A Sad Day
#20
Mike Kieran Wrote:Keep in mind. Manufacturers and distributors can't always keep the brands, models, and road names that we want, not because of greed, but because of economic survival. Let's say, for instance, if I sold Athearn CF7s in Santa Fe paint and CF7s decorated for Pinsy railroads. The Santa Fe engines 10 to 1, I would be more likely to stock the Santa Fe engines. Why? I have bills to pay.

But your business model would likely lead to bankruptcy in a relatively short while, because you serve only a small segment of the market which you will soon saturate.

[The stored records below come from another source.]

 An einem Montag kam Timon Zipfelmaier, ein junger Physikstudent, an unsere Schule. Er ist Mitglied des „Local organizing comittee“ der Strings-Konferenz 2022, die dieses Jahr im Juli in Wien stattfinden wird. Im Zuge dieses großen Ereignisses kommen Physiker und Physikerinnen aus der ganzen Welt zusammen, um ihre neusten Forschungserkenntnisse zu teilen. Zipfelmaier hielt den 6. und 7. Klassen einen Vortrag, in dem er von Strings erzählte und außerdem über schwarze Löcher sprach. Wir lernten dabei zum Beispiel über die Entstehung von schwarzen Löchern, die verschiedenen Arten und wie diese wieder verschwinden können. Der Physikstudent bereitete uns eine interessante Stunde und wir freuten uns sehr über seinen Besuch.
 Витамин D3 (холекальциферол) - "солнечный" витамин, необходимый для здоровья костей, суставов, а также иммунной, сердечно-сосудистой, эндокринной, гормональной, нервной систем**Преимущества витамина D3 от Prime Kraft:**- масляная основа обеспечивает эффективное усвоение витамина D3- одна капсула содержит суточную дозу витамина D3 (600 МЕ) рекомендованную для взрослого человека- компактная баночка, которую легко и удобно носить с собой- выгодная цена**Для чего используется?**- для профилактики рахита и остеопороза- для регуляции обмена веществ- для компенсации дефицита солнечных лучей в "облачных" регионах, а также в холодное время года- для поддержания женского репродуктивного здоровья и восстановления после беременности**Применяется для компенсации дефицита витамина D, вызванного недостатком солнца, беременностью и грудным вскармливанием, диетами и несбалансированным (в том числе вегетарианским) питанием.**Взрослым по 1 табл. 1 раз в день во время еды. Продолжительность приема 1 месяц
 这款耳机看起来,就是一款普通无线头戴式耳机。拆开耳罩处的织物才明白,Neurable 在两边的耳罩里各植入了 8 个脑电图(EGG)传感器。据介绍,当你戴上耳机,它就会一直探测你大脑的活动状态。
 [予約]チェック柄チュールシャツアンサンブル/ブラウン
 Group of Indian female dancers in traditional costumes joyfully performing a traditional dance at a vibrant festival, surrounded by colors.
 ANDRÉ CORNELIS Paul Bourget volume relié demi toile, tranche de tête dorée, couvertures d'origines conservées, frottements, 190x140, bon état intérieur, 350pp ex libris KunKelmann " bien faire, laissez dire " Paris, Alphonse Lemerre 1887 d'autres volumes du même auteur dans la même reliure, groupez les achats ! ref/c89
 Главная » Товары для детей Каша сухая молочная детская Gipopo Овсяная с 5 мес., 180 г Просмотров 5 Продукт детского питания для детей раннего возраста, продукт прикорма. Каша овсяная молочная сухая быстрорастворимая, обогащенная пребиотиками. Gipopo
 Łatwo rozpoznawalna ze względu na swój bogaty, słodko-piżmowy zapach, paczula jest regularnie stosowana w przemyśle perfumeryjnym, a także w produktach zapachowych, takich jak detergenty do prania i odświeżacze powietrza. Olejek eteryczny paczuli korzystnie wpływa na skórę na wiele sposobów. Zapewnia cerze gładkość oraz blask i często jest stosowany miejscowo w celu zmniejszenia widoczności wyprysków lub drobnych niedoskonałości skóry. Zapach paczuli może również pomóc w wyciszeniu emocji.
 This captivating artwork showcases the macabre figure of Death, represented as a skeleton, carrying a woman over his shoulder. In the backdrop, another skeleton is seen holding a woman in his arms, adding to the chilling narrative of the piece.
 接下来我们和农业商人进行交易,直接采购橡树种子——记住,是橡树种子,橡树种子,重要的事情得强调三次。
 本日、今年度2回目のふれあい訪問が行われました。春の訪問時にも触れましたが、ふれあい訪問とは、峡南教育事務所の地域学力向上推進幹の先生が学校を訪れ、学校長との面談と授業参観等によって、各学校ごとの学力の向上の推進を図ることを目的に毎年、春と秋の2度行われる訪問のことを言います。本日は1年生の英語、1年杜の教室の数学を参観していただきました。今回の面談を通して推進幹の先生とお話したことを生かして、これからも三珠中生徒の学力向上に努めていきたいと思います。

Diversity is the key to marketing survival. Yeah, you may only sell on particular oddball item a year, but the person who buys it is also likely to shop for other items while he is at it, and if you cannot attract him to your business, you're a goner. Looking back through my old MRR magazines, I followed the ads for four, then three, then two and now no railroad hobby shops in Colorado Springs.

The Colorado springs owner who is retiring and closing his shop focused mainly on large scale stuff, mostly garden scale, which is expensive to purchase, and did not cater much to other modellers. He once told me that was where the money was - people came from all over to buy his large scale stuff, and no one bought much N-scale. At that time I jokingly pointed out that a) one can only put so much large scale stuff onto a layout before hitting the saturation point where sales drop off, and b) if your aren't selling offering much in N-scale, no one can buy it anyway and the word goes out that your store is not stocked across the spectrum, after which you involuntarily become a single scale shop like it or not.

Of course, he now has to dump his remaining N-scale inventory, which he did not choose wisely in the first place, and there are no takers, nor any prospective buyers seeking a failing modeling business. No "good will" to make it attractive.

So now we will see if The Caboose can get its act together and do better at its new location, which I have not visited yet, and given that it's on Alameda - a terrible place to drive - I may not.